Homily – 11th Sunday Ordinary Time June 17, 2007

Homily – 11th Sunday Ordinary Time    June 17, 2007

The Supper at the House of Simon - Philippe de Champaigne c. 1656

In today’s Gospel we encounter two very different people dining at table with Jesus:  Simon the Pharisee, and an unnamed Woman.

Simon has invited Jesus to his house to dine with him.  But after examining this Pharisees actions, one might question why Simon did so in the first place.

With Jesus present right before his eyes, Simon’s eyes are busy instead staring with disapproval at the other people around him.

His heart is also entertaining doubts about Jesus, doubting that Jesus is really the Person who His disciples claim He is.

Finally, Simon barely shows any common courtesy to Our Lord, as is evidenced by the fact that he does none of the customary things Jews of his day would do when they invited a friend or important person over their house to dine with them.

Apparently, Simon either is very weak and lacking in charity and fervor towards Jesus, or else he has other motives for dining with Jesus than friendship and discipleship.

Now we turn to the woman at table with Jesus.  In contrast to Simon, the woman isn’t looking around at others.

Her tear-filled eyes and her repentant heart are totally fixed on the Lord.

The only persons sins she’s thinking about are her own many past sins, and Jesus’ example of sinlessness.

And unlike Simon the Pharisee, the woman has no doubt that Jesus is the Prophet that His disciples claim Him to be.

Finally, not content with giving Jesus just customary courtesy and affection given to ordinary guests, the woman publically shows Jesus more than that:  Before everyone present at the dinner she piously kisses the feet of Christ, and makes an sacrificial offering to him of costly perfume;

And because she has shown great love to Jesus, Her many sins are forgiven.

My brothers and sisters in Christ, at this and at every Mass we too invite Jesus to dine with us at our House of Worship.

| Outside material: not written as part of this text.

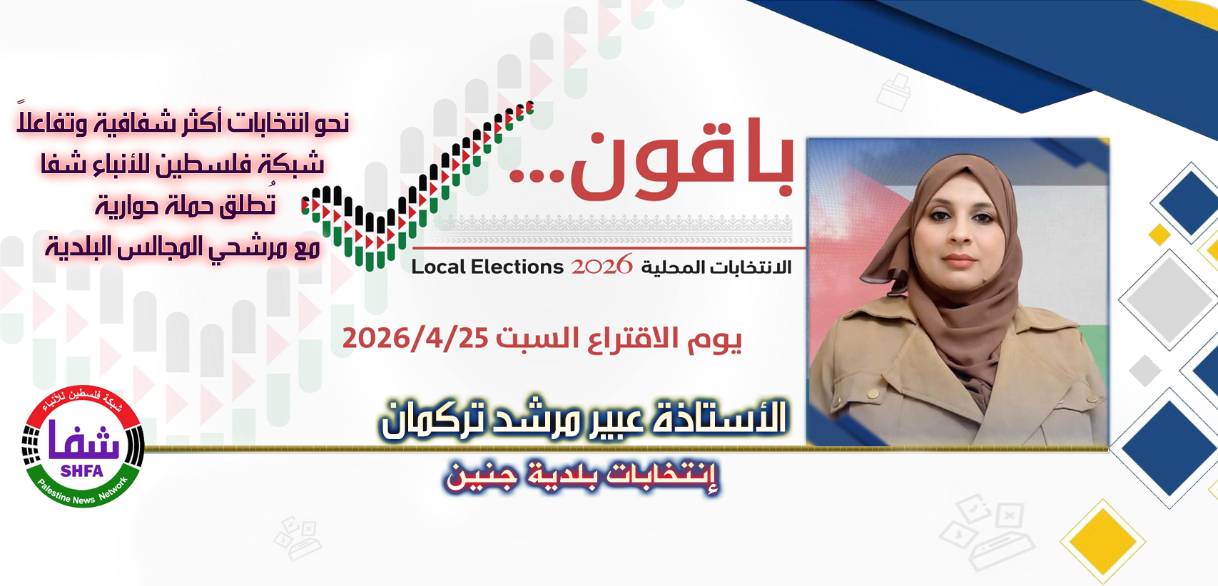 وفي إطار الحملة، يشارك العديد من الشخصيات المرشحة للانتخابات المحلية، ومن بينهم الأستاذة “عبير مرشد تركمان“، المرشحة لعضوية المجلس البلدي في “مدينة جنين”، ومن خلال هذه الحملة، سيتم تسليط الضوء على رؤيتها وبرنامجها الانتخابي، حيث تقدم أفكارها حول كيفية تحسين الخدمات المحلية وتنمية المدينة بما يتناسب مع تطلعات المواطنين.

We have built and kept up this Church building, and placed this Altar in it, and employed a Catholic priest, so that, every Sunday at least, Jesus can come and dine with us here at the Table of the Last Supper, sacramentally made present in the Eucharist.

And so as we recline at table today with Jesus, we should ask ourselves “Am I more like the Pharisee in today’s Gospel, or am I more like the woman in today’s Gospel?”

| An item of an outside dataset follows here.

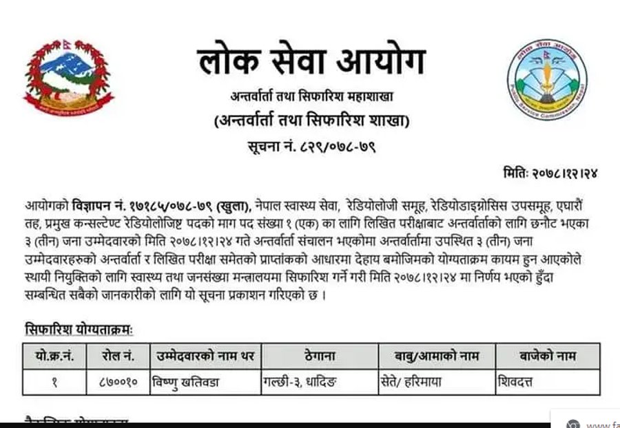 यस्तो छ लोकसेवा आयोगको सिफारिस सम्बन्धी सूचना

Do I, like Simon the Pharisee, find myself looking disapprovingly at that person in the other pew or up on the altar, do I find myself making rash judgments about them?

Do I like Simon find myself wavering in my faith, entertaining doubts about who the Church says Jesus is, and what He teaches?

Have I invited Jesus to dine with me today for the sole reason that I what Him to be my best friend and my Lord?

Have I shown Christ that I value His Presence at my House of Worship by dressing up appropriately for Holy Mass, by preparing spiritually before Mass begins, and by getting to Mass before it starts and leaving after it ends?

Am I trying rather to be like the woman in the Gospel,
not afraid to show piety and devotion towards Jesus?

When I enter Church do I genuflect reverently (assuming I have good knees)?  Do I consciously and devoutly make the
full sign of the cross over myself at the appropriate times?

Do I make a real bow during the recitation of the Creed, and remember to bow my head as a sign of reverence before receiving communion?

Do I say the Our Father, and the other prayers and responses of the Mass conscious of what I’m saying?

Or, do I rush through or carelessly do or say these outward actions of love and devotion?

More importantly, does being in Jesus’ presence make me inwardly like that woman, weeping both tears of sorrow over my past sins and tears of joy over Jesus’ goodness and mercy towards me?

Finally, am I, like the penitent woman, generous in my sacrificial giving to the Church and to the poor?

Am I offering Jesus fine perfume, or cheap cologne?

Jesus, as you come to dine with me today in this Eucharist, help me to more fully, consciously and actively acknowledge your Real Presence in my midst.

May I show you my great love, and may you show me your great Mercy.